Looking At Groundbreaking Capabilities With OpenAI O3

It’s the end of ‘shipmas’, almost Christmas time, and OpenAI has given us some information about the pending model o3, and how it does its reasoning.

One of the most prominent demos is in this YouTube video with Sam Altman, who is joined by Mark Chen, Hongyu Ren, and special guest Greg Kamradt, to talk about o3; and related models.

“This model is incredible at programming,” Altman says as they look at benchmarks like GPQA Diamond for Ph.D-level science questions; and EpochAI frontier for math, where o3 demonstrates breakout results.

As demonstrated, the model is getting good marks against practical testing of skilled human professionals.

The group also discussed the use of these new models for SWE-bench operations, or in other words, for implementing real-world software tasks.

Some Scientific Notes on Advancement

OpenAI has also published a recent explanation of some of the science in o3 and newer models. It’s called “deliberative alignment” and it has to do with extending chain of thought operations and training models on safety specifications.

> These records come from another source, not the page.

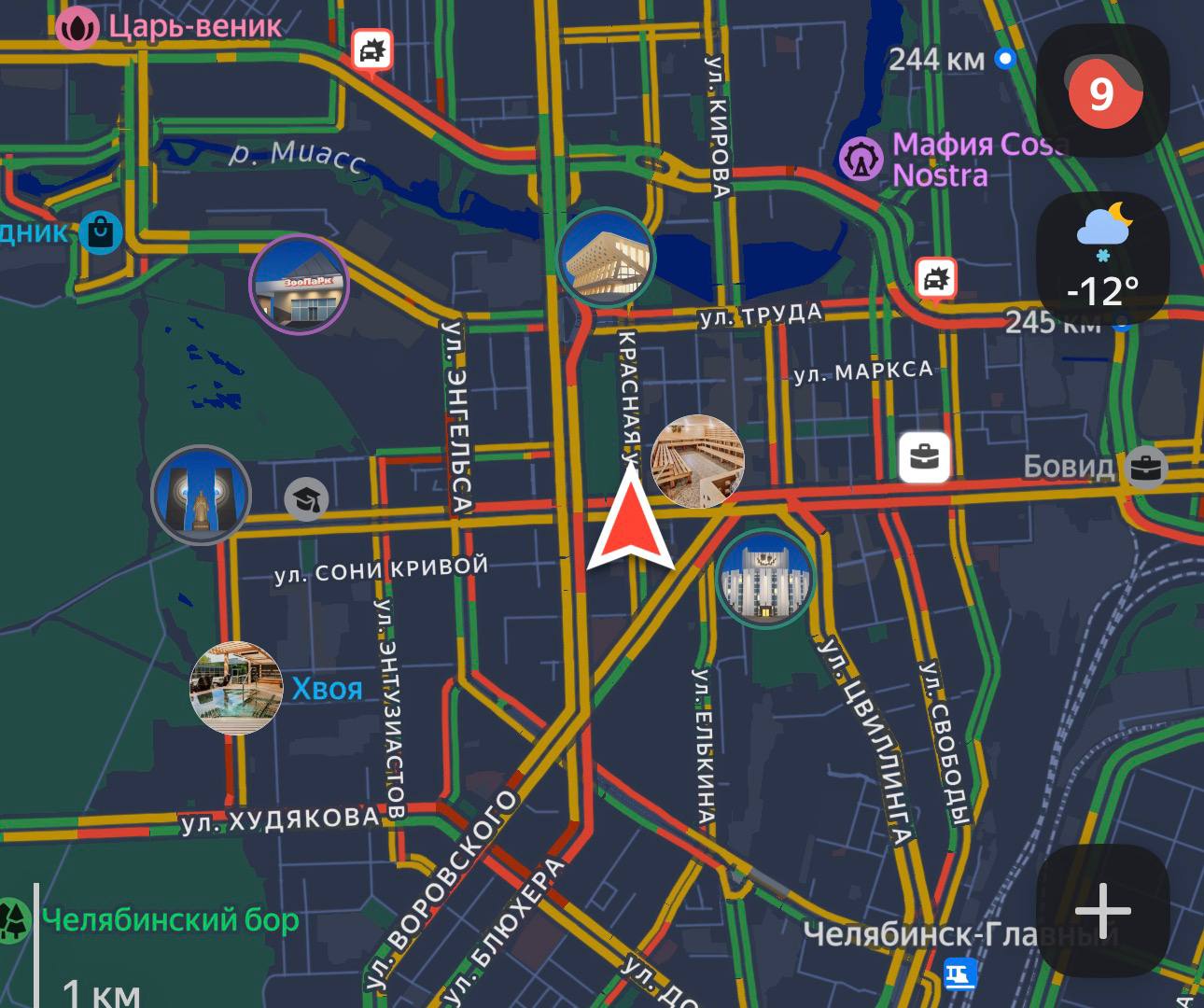 Вечерние пробки в Челябинске уже достигли отметки в 9 баллов
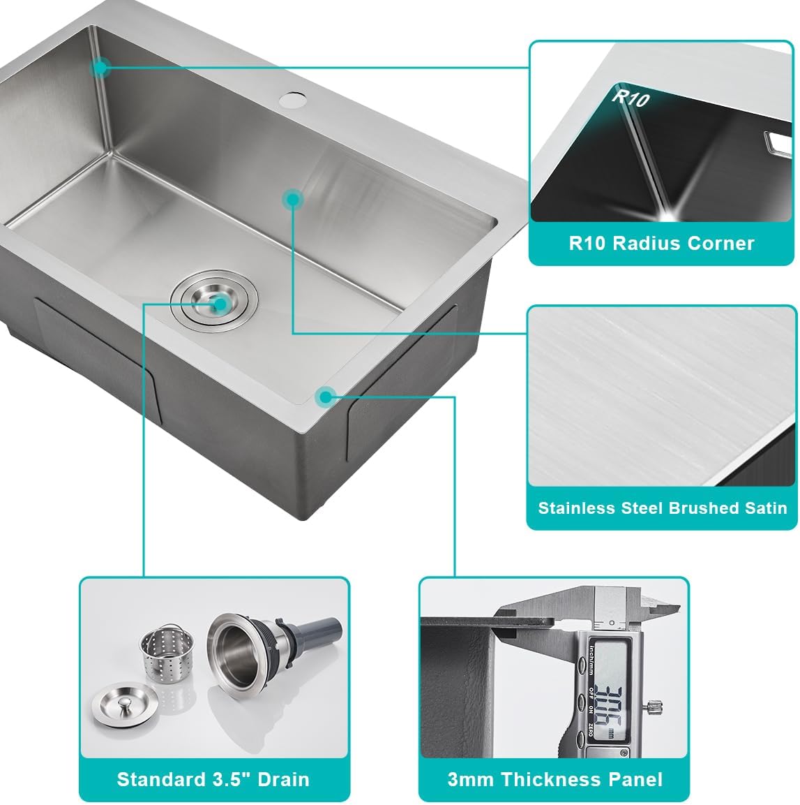 Indestructible Construction: The drop in kitchen sink is constructed of handcrafted T304 stainless steel for the superior durability and dent-resistance. Commercial Grade satin finish, corrosion and rust-resistant, easy to clean and long-lasting.
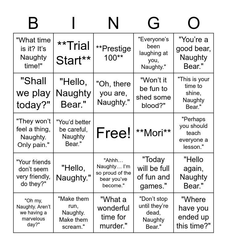 This bingo card has a free space and 37 words: **Full List of Naughty Bear Subtitles**, **Menu**, "Oh, look! It’s Naughty Bear.", "Hello, Naughty Bear.", "Hello again, Naughty Bear.", "Hello, Naughty.", "Oh, there you are, Naughty.", "Good day, Naughty.", "You’re a good bear, Naughty Bear.", "It’s a wonderful day to have fun!", "You’d better be careful, Naughty Bear.", "Everyone’s been laughing at you, Naughty.", "Where have you ended up this time?", "Perhaps you should teach everyone a lesson.", "Shall we play today?", "Your friends don’t seem very friendly, do they?", "Oh, my! Is it time for a game?", **Prestige 100**, "Ahhh… Naughty… I’m so proud of the bear you’ve become.", **Mori**, "What time is it? It’s Naughty time!", "This is your time to shine, Naughty Bear.", "Oh my, Naughty. Aren’t we having a marvelous day?", "What a wonderful time for murder.", "Now, now. What a Naughty Bear you are.", "Don’t stop until they’re dead, Naughty Bear.", **Trial Start**, "I do believe some people are going to die today.", "I wonder who’s going to die today?", "The time has come to hurt some people.", "They’re all going to pay, won’t they, Naughty?, "Make them run, Naughty. Make them scream.", "They won’t feel a thing, Naughty. Only pain.", "Who’s a good killer? You are, Naughty.", "Today will be full of fun and games.", "Won’t it be fun to shed some blood?" and "Time to do what you do best, Naughty.".
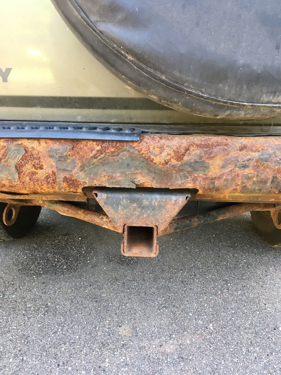 maybe the wife needs to stop bumping into me when she parks.. door doesn't hit the pass side of the bumper where it is bent, tire hits the light first. Bumper is higher away from the body than the side closer to the body so tweak does make sense. Surprisingly with all the rust, lights still work good!
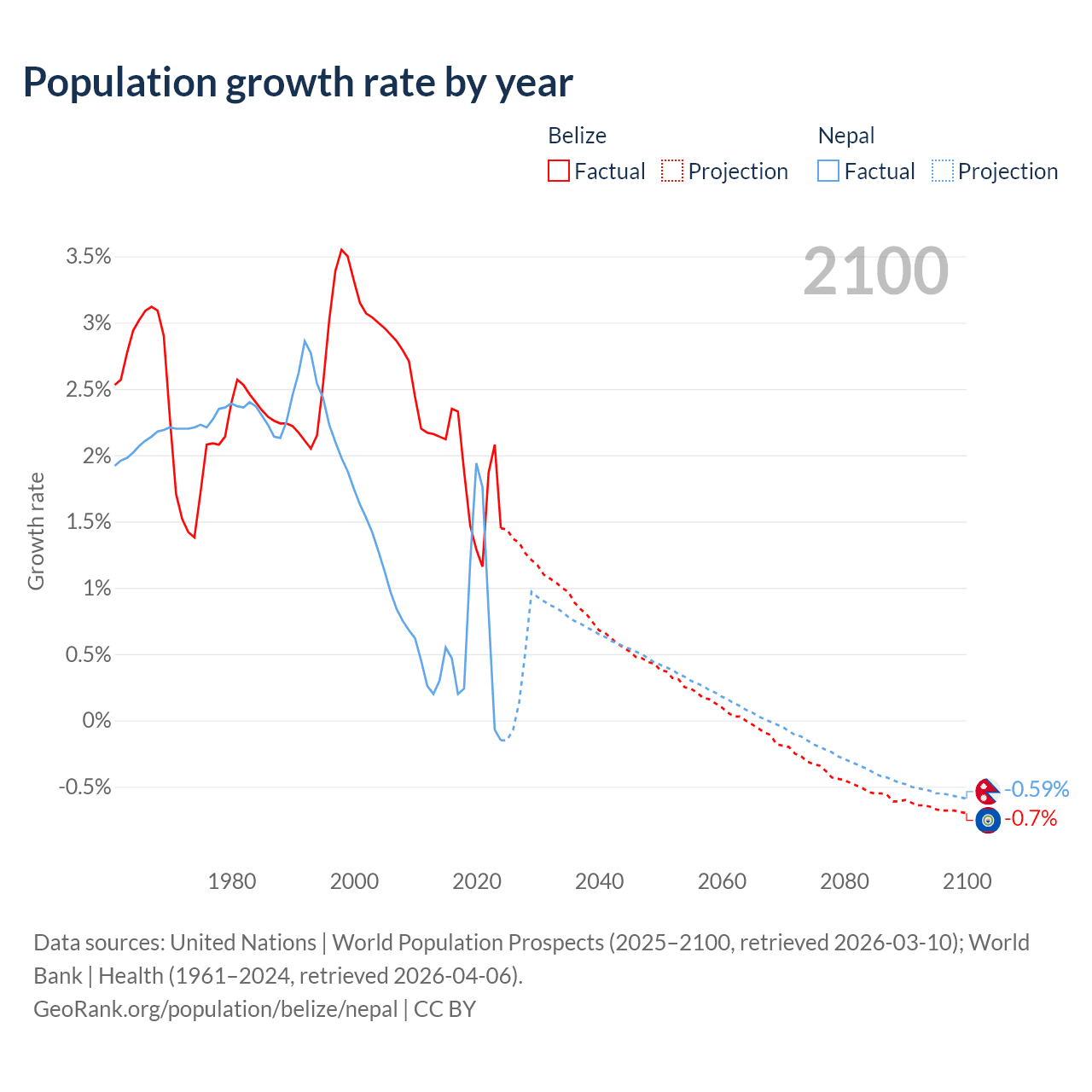 - For the last 10 years, Belize has had an average growth rate of +1.83% per year vs +0.66% in Nepal.

“Despite extensive safety training, modern LLMs still comply with malicious prompts, over-refuse benign queries, and fall victim to jailbreak attacks,” spokespersons explain. “One cause of these failures is that models must respond instantly, without being given sufficient time to reason through complex and borderline safety scenarios. Another issue is that LLMs must infer desired behavior indirectly from large sets of labeled examples, rather than directly learning the underlying safety standards in natural language. This forces models to have to reverse engineer the ideal behavior from examples and leads to poor data efficiency and decision boundaries. Deliberative alignment overcomes both of these issues. It is the first approach to directly teach a model the text of its safety specifications and train the model to deliberate over these specifications at inference time. This results in safer responses that are appropriately calibrated to a given context.”

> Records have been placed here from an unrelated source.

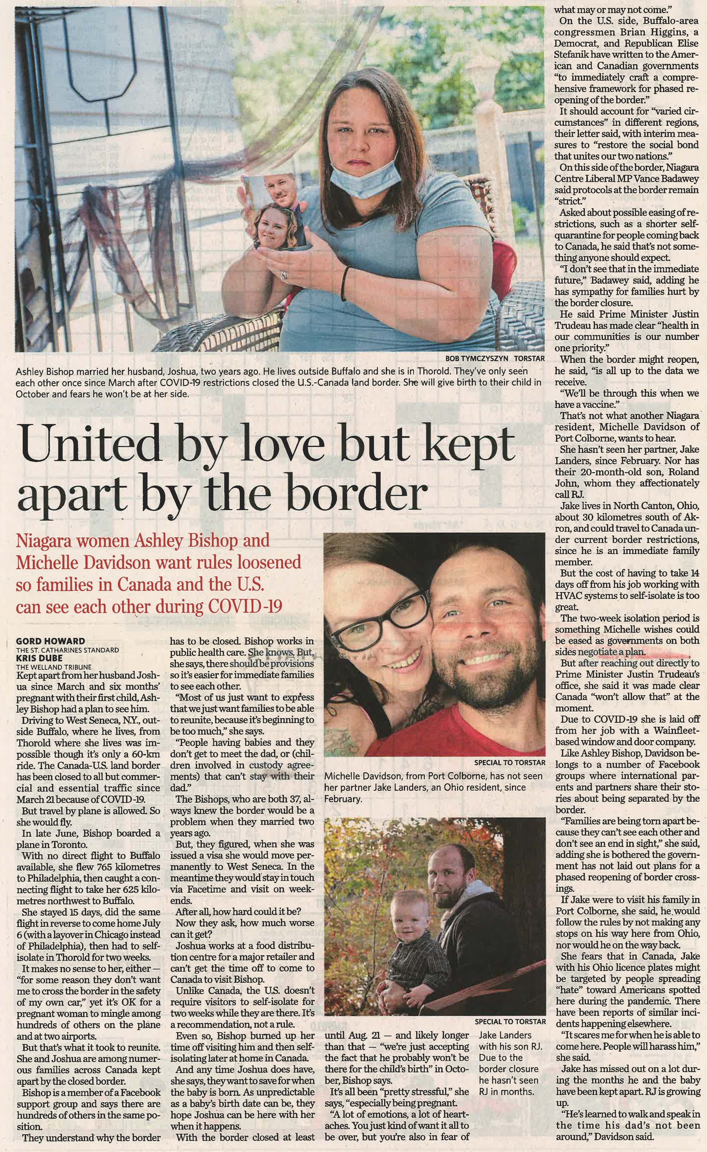 - United by love but kept apart by the border : Niagara women Ashley Bishop and Michelle Davidson want rules loosened so families in Canada and the U.S. can see each other during COVID-19
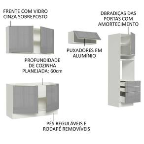 Um dos grandes destaques são as portas e gavetas, que recebem um vidro cinza aplicado, detalhe que traz muita elegância ao ambiente.
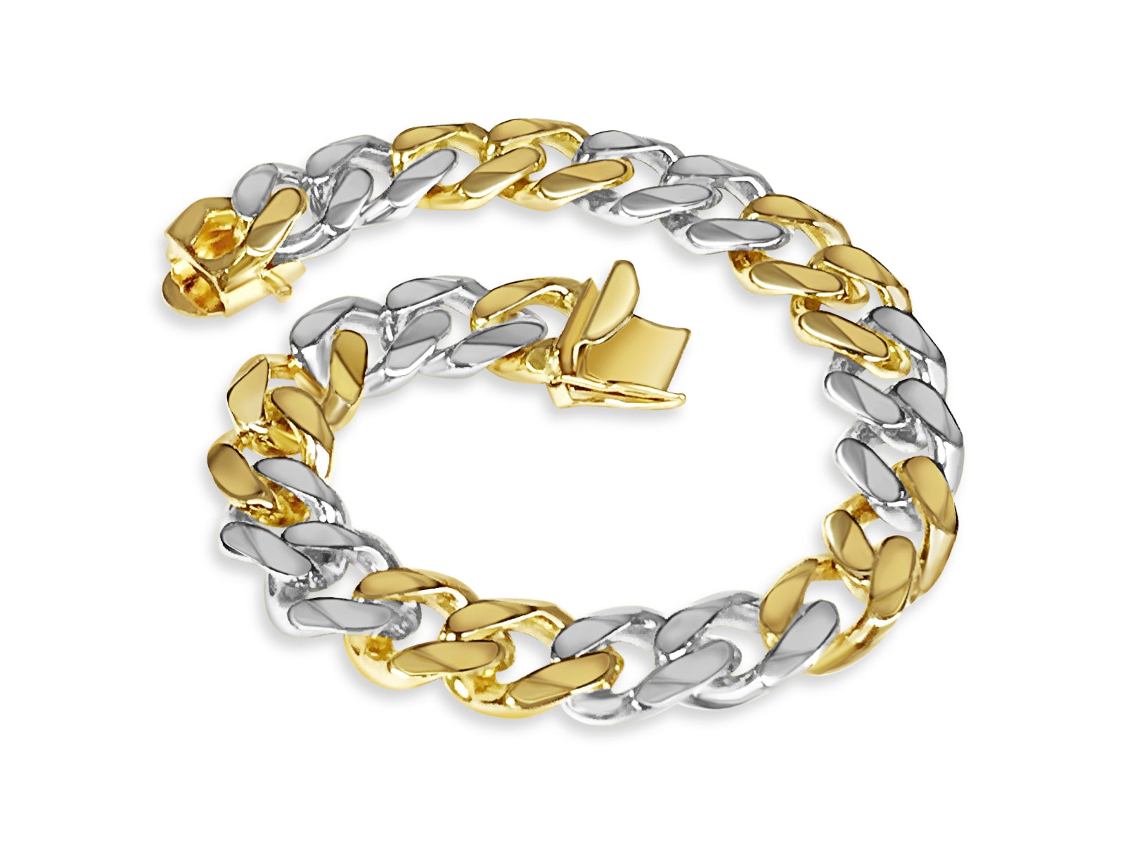 Crafted with precision by our seasoned artisans, each link of this bracelet tells a story of heritage and tradition. Available in 10K, 14K, or 18K gold, with a dimension of 11mm, it strikes the perfect balance between boldness and refinement. Choose from multiple gold colors such as; Yellow, White, Rose, Two-Tone, or Tri-Color to suit your style.
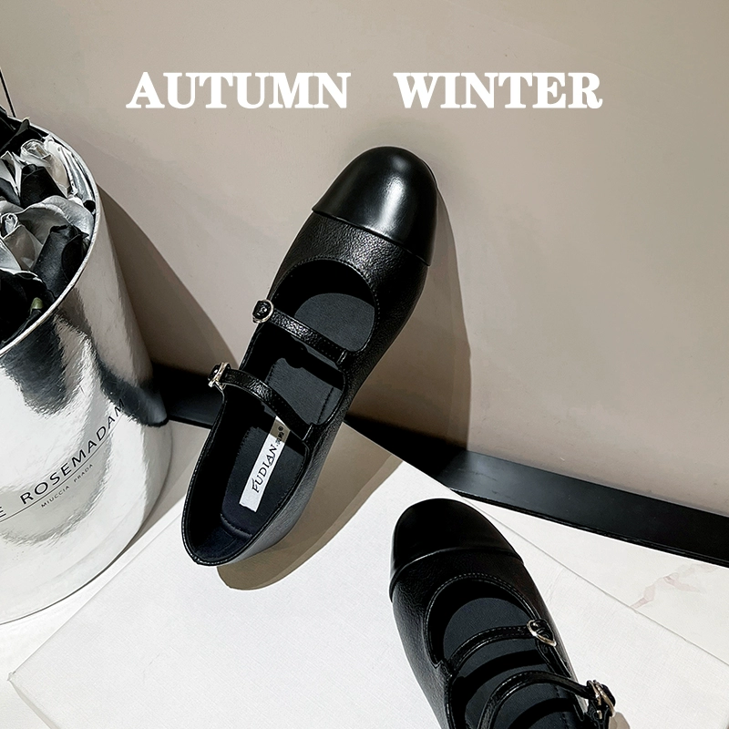 حذاء ماري جين فرنسي صغير بكعب عريض وحزام واحد

In addition, to show off how this works, OpenAI provides a demo of the computer finding evidence of wrongdoing and failing to comply with a demand.

Deliberative alignment, the researchers claim, will do better than reinforcement learning from human feedback (RLHF) and something called RLAIF.

“Deliberate alignment training uses a combination of process- and outcome-based supervision,” spokespersons write. “We first train an o-style model for helpfulness, without any safety-relevant data. We then build a dataset of (prompt, completion) pairs where the CoTs in the completions reference the specifications. We do this by inserting the relevant safety specification text for each conversation in the system prompt, generating model completions, and then removing the system prompts from the data. We perform incremental supervised fine-tuning (SFT) on this dataset, providing the model with a strong prior for safe reasoning. Through SFT, the model learns both the content of our safety specifications and how to reason over them to generate aligned responses. We then use reinforcement learning (RL) to train the model to use its CoT more effectively. To do so, we employ a reward model with access to our safety policies to provide additional reward signal. In our training procedure, we automatically generate training data from safety specifications and safety-categorized prompts, without requiring human-labeled completions. Deliberative alignment’s synthetic data generation pipeline thus offers a scalable approach to alignment, addressing a major challenge of standard LLM safety training—its heavy dependence on human-labeled data.”

Feedback from Humans

In the above video, Greg Kamradt of ARC AGI goes over how o3 is knocking it out of the park on the proprietary methods that ARC uses to assess logical expertise: a series of pixel-based tests where the machine, or the human, has to figure out a pattern.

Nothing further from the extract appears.